YOUR OBJECTIVE: When you transcribe the lines below, keep every word the same and leave the pictures behind.

GIVEN INFORMATION:
--

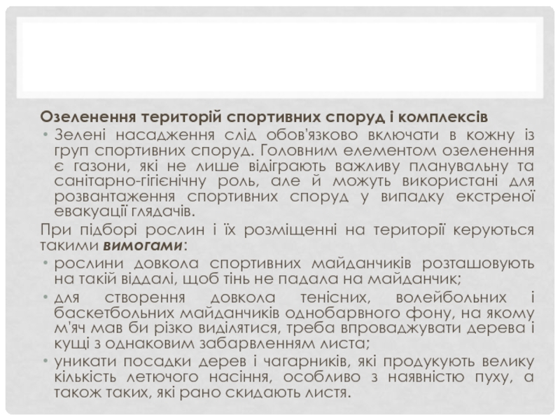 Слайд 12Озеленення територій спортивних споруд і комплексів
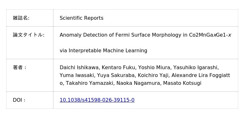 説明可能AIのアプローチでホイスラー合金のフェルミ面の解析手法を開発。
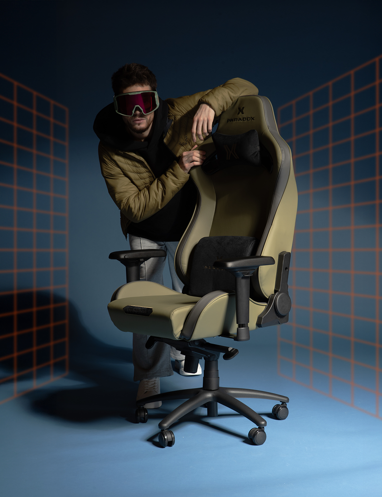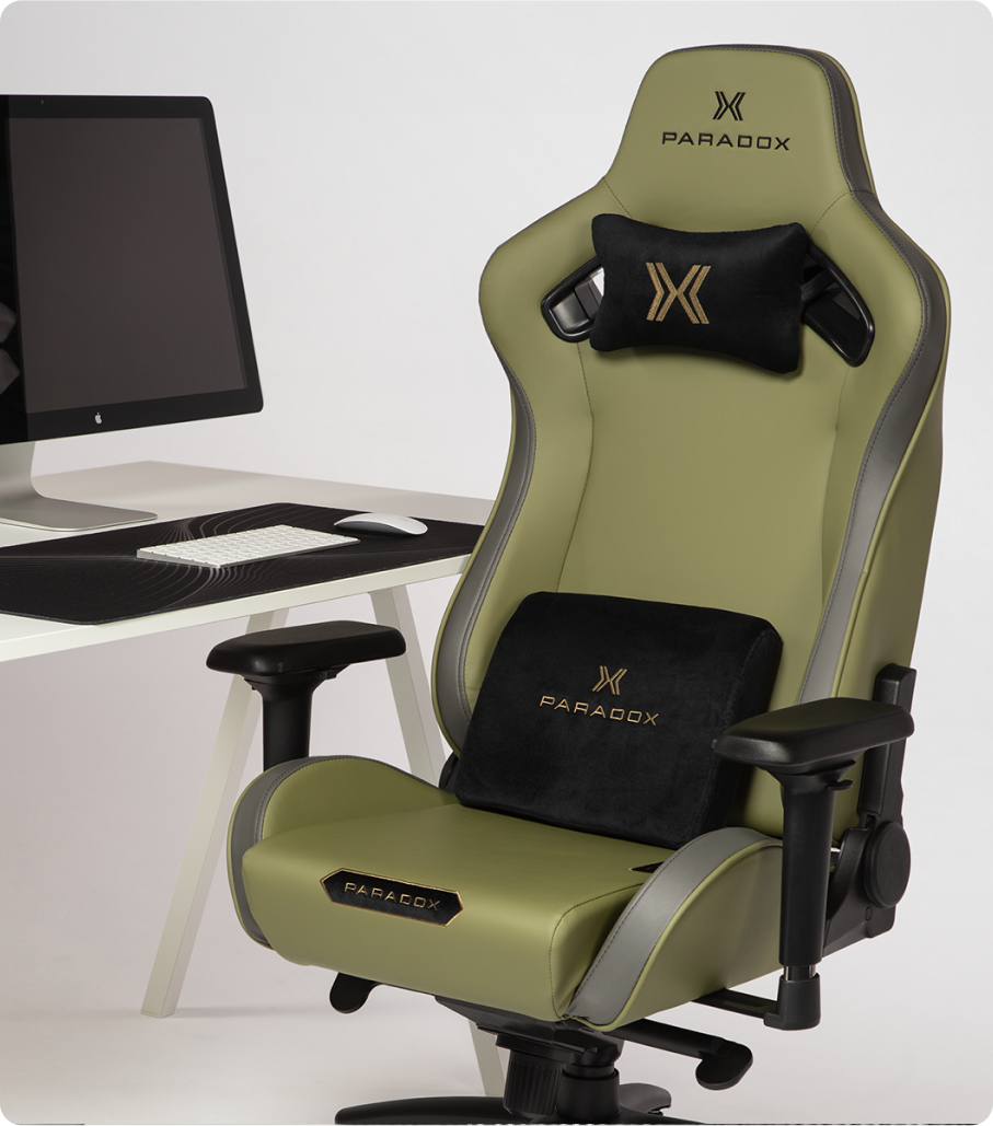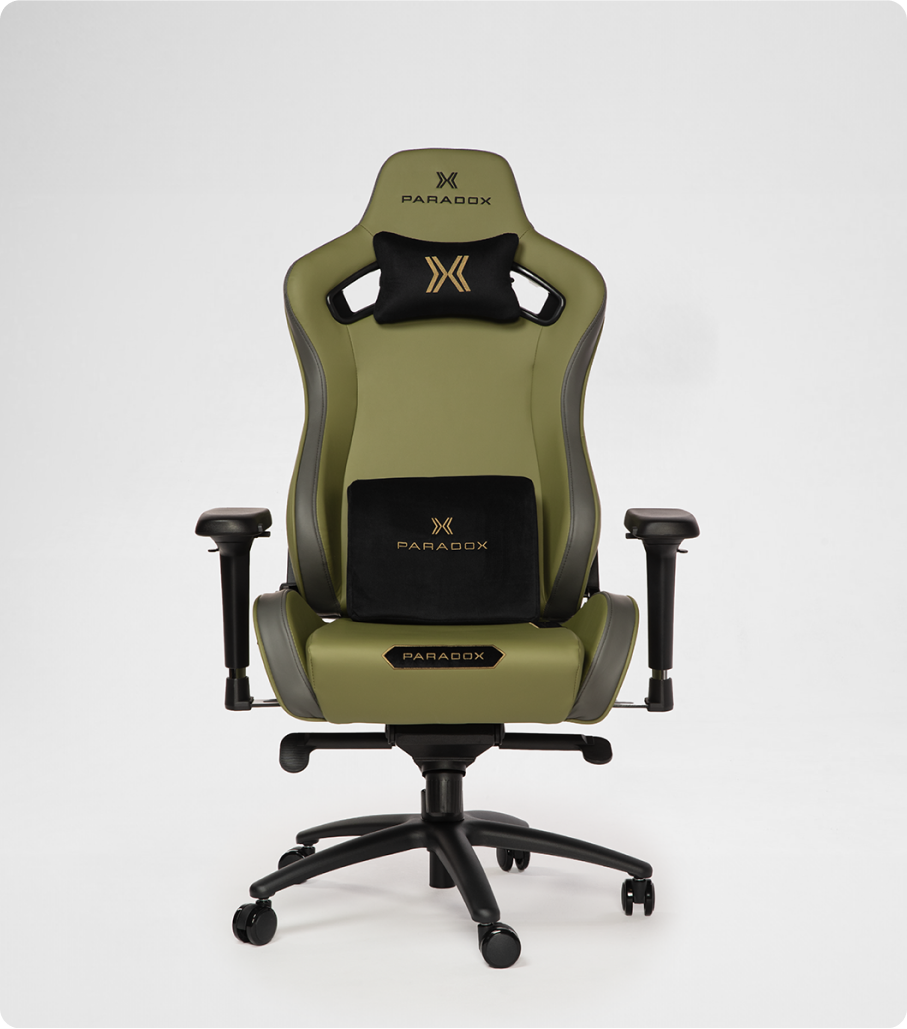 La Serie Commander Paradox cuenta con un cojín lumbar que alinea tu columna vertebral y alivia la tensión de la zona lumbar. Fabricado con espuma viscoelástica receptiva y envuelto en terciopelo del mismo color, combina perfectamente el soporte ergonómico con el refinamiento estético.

--

RESULT OF THE EXERCISE:
 Слайд 12Озеленення територій спортивних споруд і комплексів
 説明可能AIのアプローチでホイスラー合金のフェルミ面の解析手法を開発。
 La Serie Commander Paradox cuenta con un cojín lumbar que alinea tu columna vertebral y alivia la tensión de la zona lumbar. Fabricado con espuma viscoelástica receptiva y envuelto en terciopelo del mismo color, combina perfectamente el soporte ergonómico con el refinamiento estético.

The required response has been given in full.